While District 9 may be read as a simple allegory for apartheid, watching the film causes one to remember and fret about Max Weber’s definition of the state, i.e., a human community that has a legitimate monopoly on violence within a given territory. By this definition, the state has retreated (or surrendered) in the world of District 9. In the film, there are no parliaments, no presidents, no governors, and no police; in fact, the South African state is absent throughout the entirety of the motion picture. Instead, the main purveyor of power is the multinational private military contractor MNU, which has supplanted the role of the military and relieved the state of the burdens of accountability. As Valerie Spelling points out in Altered States: The Globalization of Accountability (2009), “Even if sensible on the surface, the use of combat PMCs by states presents a significant challenge to the state from a Weberian point of view.” We see this maxim proved true in District 9.

It is interesting to note the dissonance between Blomkamp’s short film Alive in Joburg (2005) and his full-length version, District 9. In Alive in Joburg, the term “government” is used regularly and it is clear that the state is charged with managing the “alien problem” as the extraterrestrials roam from their encampments and riot against the conditions in which they are kept.
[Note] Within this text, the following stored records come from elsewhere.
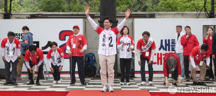[화성=뉴스핌] 최지환 기자 = 김문수 국민의힘 대선 후보가 16일 경기 화성시 동탄센트럴파크에서 열린 유세 현장에서 시민들에게 인사하고 있다. 2025.05.16 choipix16@newspim.com
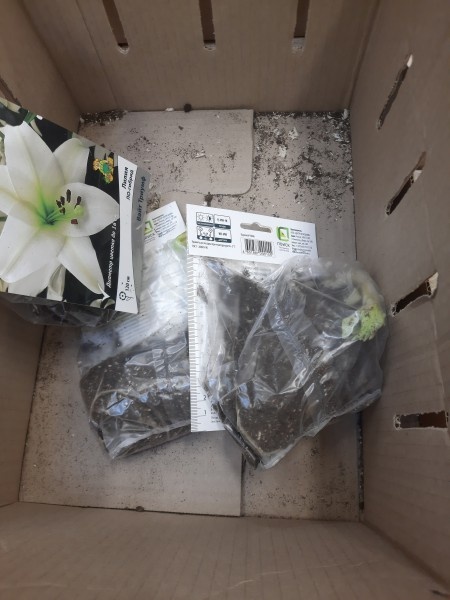 Начну с начала. На входе, напротив касс, вокруг коробок с чем-то интересным суетятся дамы. Торчит призывная табличка: скидка 50%. Ну конечно, луковицы по сниженным ценам. Гладиолусы и лилии. Состояние луковиц хорошее, не сушняк. Судя по количеству пакетов в коробках, акция действует не первый день.
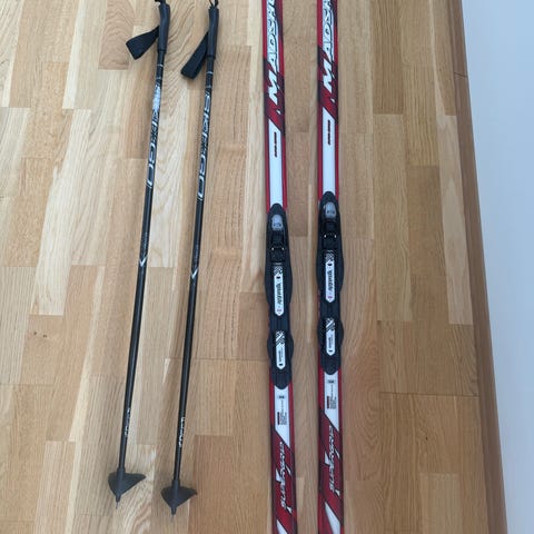 Passer til bruk i preparerte langrennsløyper. Nøyaktig lengde på ski og staver fremgår ikke tydelig av bildene og bør eventuelt måles av selger.
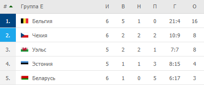 Бельгія впевнено лідирує в цій групі, набравши 16 очок з 18.
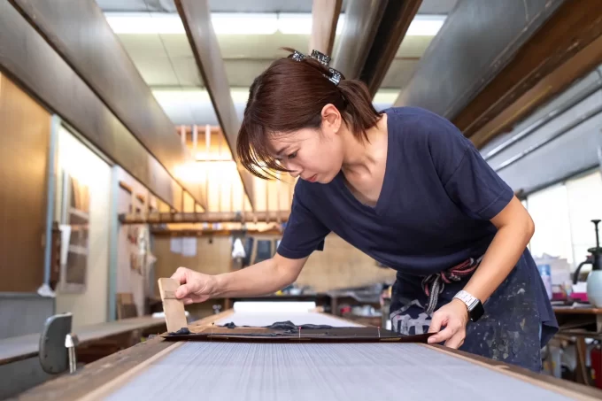 ・内容:江戸小紋の全工程(糊型付け・染料作り・蒸し・糊落とし)を一日体験。希少な伊勢型紙を使い江戸時代から続く五代目の手ほどきを受け、江戸小紋の半衿製作。
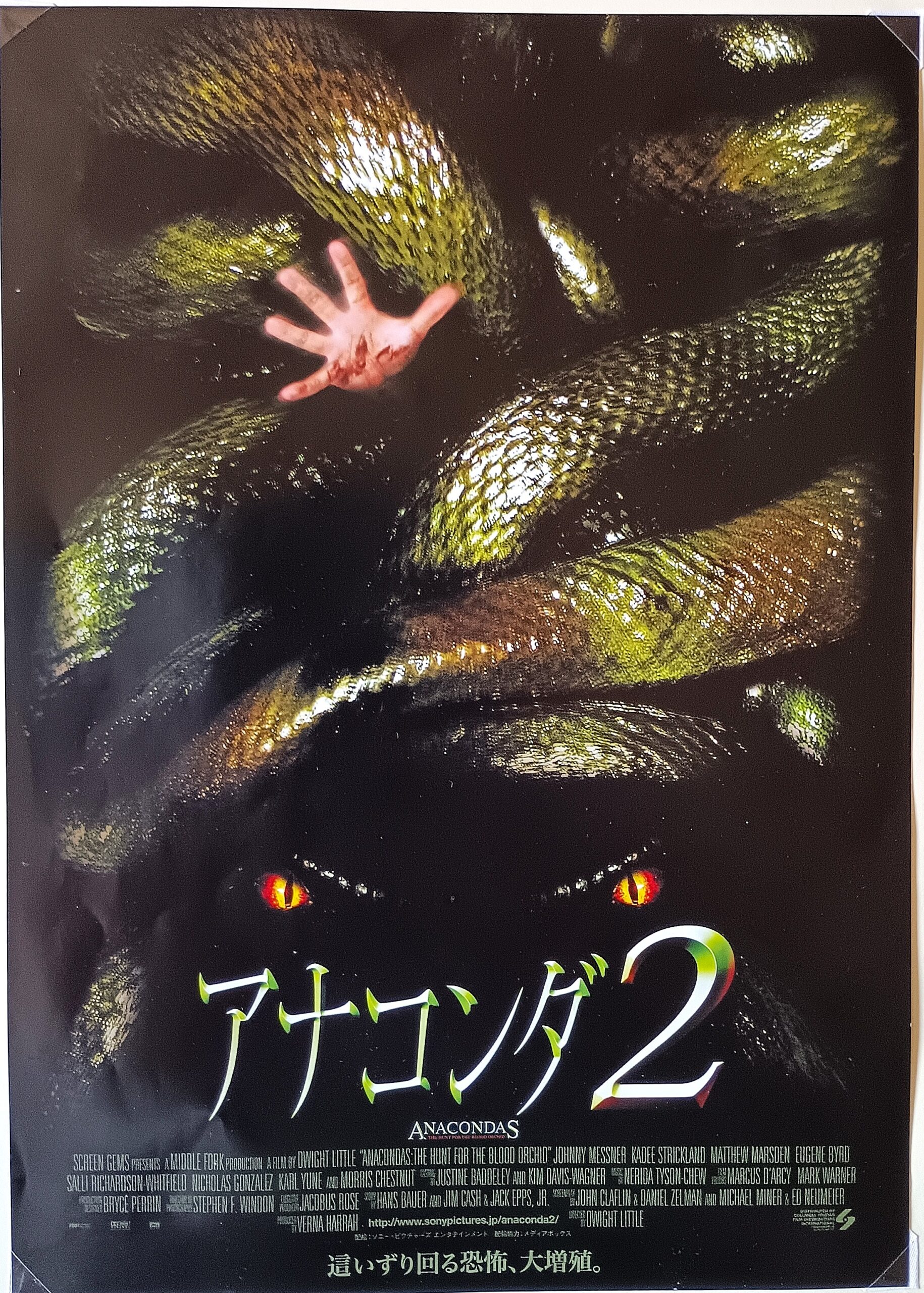 アナコンダ2/音楽:ネリダ・タイソン・チュウ。監督:ドワイト・リトル。巨大な殺人蛇の恐怖を描いて大ヒットした前作『アナコンダ』の続編。舞台がアマゾンからボルネオに変り、老不死の血清の素となる神秘の蘭、ブラック・オーキッドをめぐり、科学者チームがインドネシア・ボルネオの密林地帯へブラック・オーキッドを求め旅立ちアナコンダの群れと遭遇する物語。ボルネオの奥地に、7年に一度、2週間だけ咲くという希少な花ブラッド・オーキッド。その血清成分は細胞の老化防止に劇的な効能があることが実証され。コスメや医薬品として商品化すれば、まさにバイアグラ以上に世界を席巻することは確実。あと1週間で花は咲き終わり、次に咲くのは7年後…。彼らは会社の利益と自らのキャリアアップを図るため、現地ボルネオに“ブラッド・オーキッド”採取に向かう。ボルネオに着いたリーダー格のバイロン医師(マシュー・マースデン)、女性科学者の2人、サム(カディ・ストリックランド)、ゲイル(サリー・リチャードソン=ホイットフィールド)、そして“コンピューターおたく”のバリス(ユージン・バード)、さらにダグラス医師 (ニコラス・ゴンザレス)。船を出してくれそうなのは、現地で船上暮らしをし、酒とバクチの借金まみれで、いわくありげな過去を持つ素性の良くないジョンソン(ジョニー・メスナー)だけだった。5万ドルの報酬をふっかけられ、その船ブラディメリー号はかなりのポンコツ。一行の船は上流へと向かってゆく。ゲイルが携帯で電話中に誤って川に落ちてしまう。助けに飛び込むジョンソン。そこに水の中から巨大なワニに襲われジョンソンはナイフ片手にワニを倒す。流木が増え、スクリューが空回りし、船の自由が効かなくなる。前方には滝が迫り、船は落下、一行は川に投げ出され岸にたどり着く。船は大破、残されたものは地図と採取サンプル、少量の水と衛星電話だけ。一行は、密林を直進してなおも花の採取に向かう、最後列を進んでいたダグラスがアナコンダに襲われる。リビングストンの船はアナコンダに襲われ、爆発炎上。その現場にたどり着いた一行は、無残な船とリビングストンの姿に慄然とする。不気味な村で、アナコンダの死骸とその花の一部を発見する。大量に花が咲き誇る場所は近いはずだが、そこはアナコンダたちが交尾のために集まる場所を意味していた。やがてゴードンが毒グモにより謀殺され、バイロンはリビングストンの船を破片で作ったイカダを漕いで独断専行の行動を取る。目指すは洞窟の中に群生する“ブラッド・オーキッド”。それは凶暴化したアナコンダの大群が守護する“危険な宝の花”でもあった。2005年3月5日公開、ユナイテッドシネマ豊橋18。【サイズ:B5チラシ】【年代:2005年】

Just a few years later, however, the director saw fit to erase the state from his narrative altogether. The rapidly dissipating capacity of the state to project its power into all its spaces is laid bare in Blomkamp’s world, one in which the corporate greed and violent non-state actors determine the future (a set of circumstances for anyone familiar with Blackwater’s adventures in Iraq).

Besides MNU, the other pretender to power is the Nigerian militia that maintains internal control of District 9. The head of the gang, Obesandjo, epitomizes that frightening trend in African politics (he exhibits shades of the mystical and maniacal head of the Lord’s Resistance Army in Uganda, Joseph Kony) identified so vividly in Robert Kaplan’s 1994 Atlantic article “The Coming Anarchy.” Obesandjo is obsessed with the Prawns and believes that by eating Wikus’ xenic arm he will absorb the alien’s power. Such cannibalistic fantasies provide us with a celluloid depiction of Kaplan’s archetypal sub-Saharan African warlord whose authority is “based on irrational spirit power” and “juju” (Nigeria, a paragon of the weak state, banned the film because it portrays the country and people “in a bad light”).
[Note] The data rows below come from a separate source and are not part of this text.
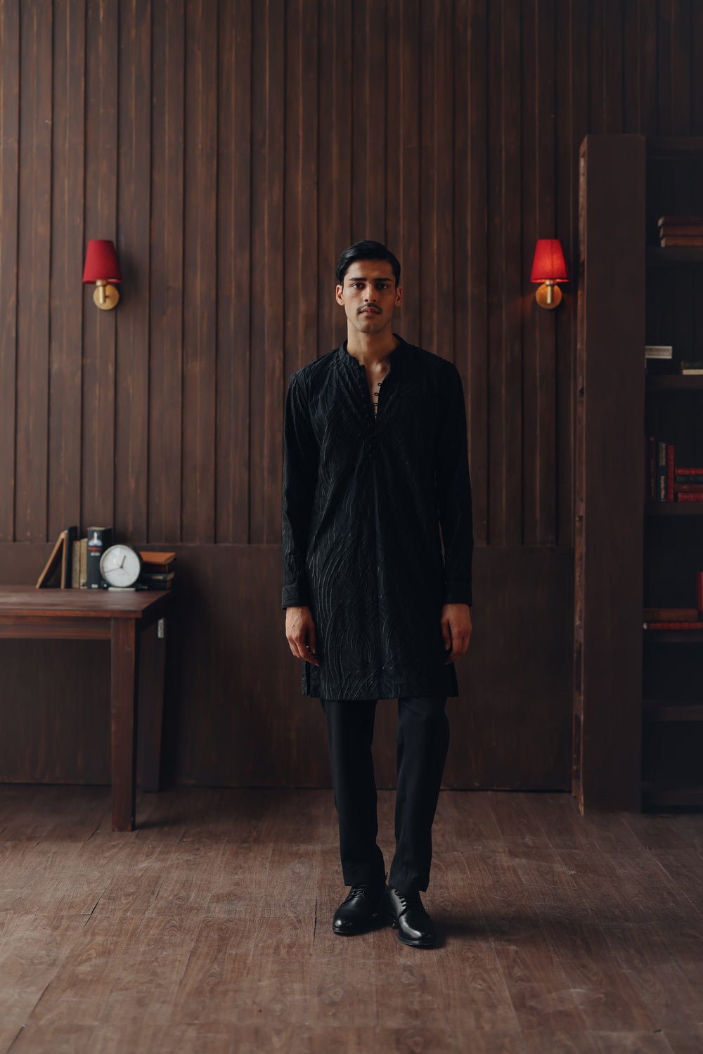 This high neck kurta features intricate resham details, finished with potli buttons for a touch of traditional finesse. It is layered with an ivory cotton silk overlay, intricately hand- embellished with mirrorwork and beadwork that catch the light with quiet sophistication.Paired with Straight pants.
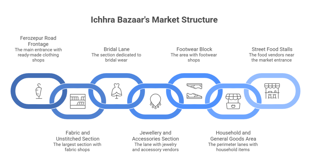 Ichhra Bazaar is not a single street it is a network of interconnected lanes, each with a dominant product category, that extends from the main Ferozepur Road frontage inward through multiple residential and commercial blocks. Understanding this layout before visiting significantly reduces shopping time and prevents the common mistake of missing entire sections because they are not visible from the main road.
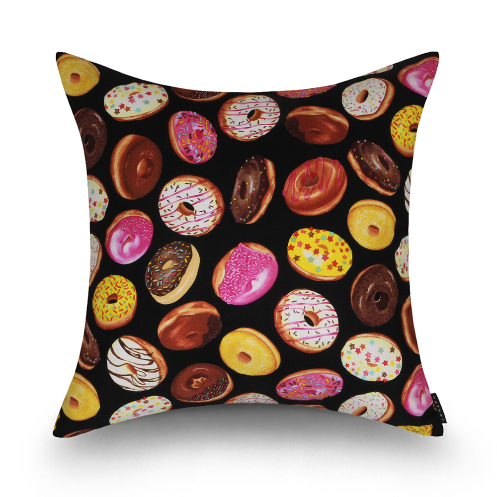 블랙 컬러 배경위에 다양한 토핑과 플레이버의 컬러풀 도넛을 표현한 유니크 감성의 쿠션 입니다.

While we may revile Kaplan for his ham-handed—borderline racist—analysis of political trends in the developing world, we must remember that his was a cautionary tale for the entire planet. The generic “Africa” portrayed in “The Coming Anarchy” mirrors the one we have seen mass-mediated in films such as Tears of the Sun (2003), The Constant Gardener (2005), and Blood Diamond
(2006), and for those of us who study global change and governance, this “African” present is prologue for the global future. District 9 just goes a little further in unveiling the post-Westphalian dystopia that we are lurching towards.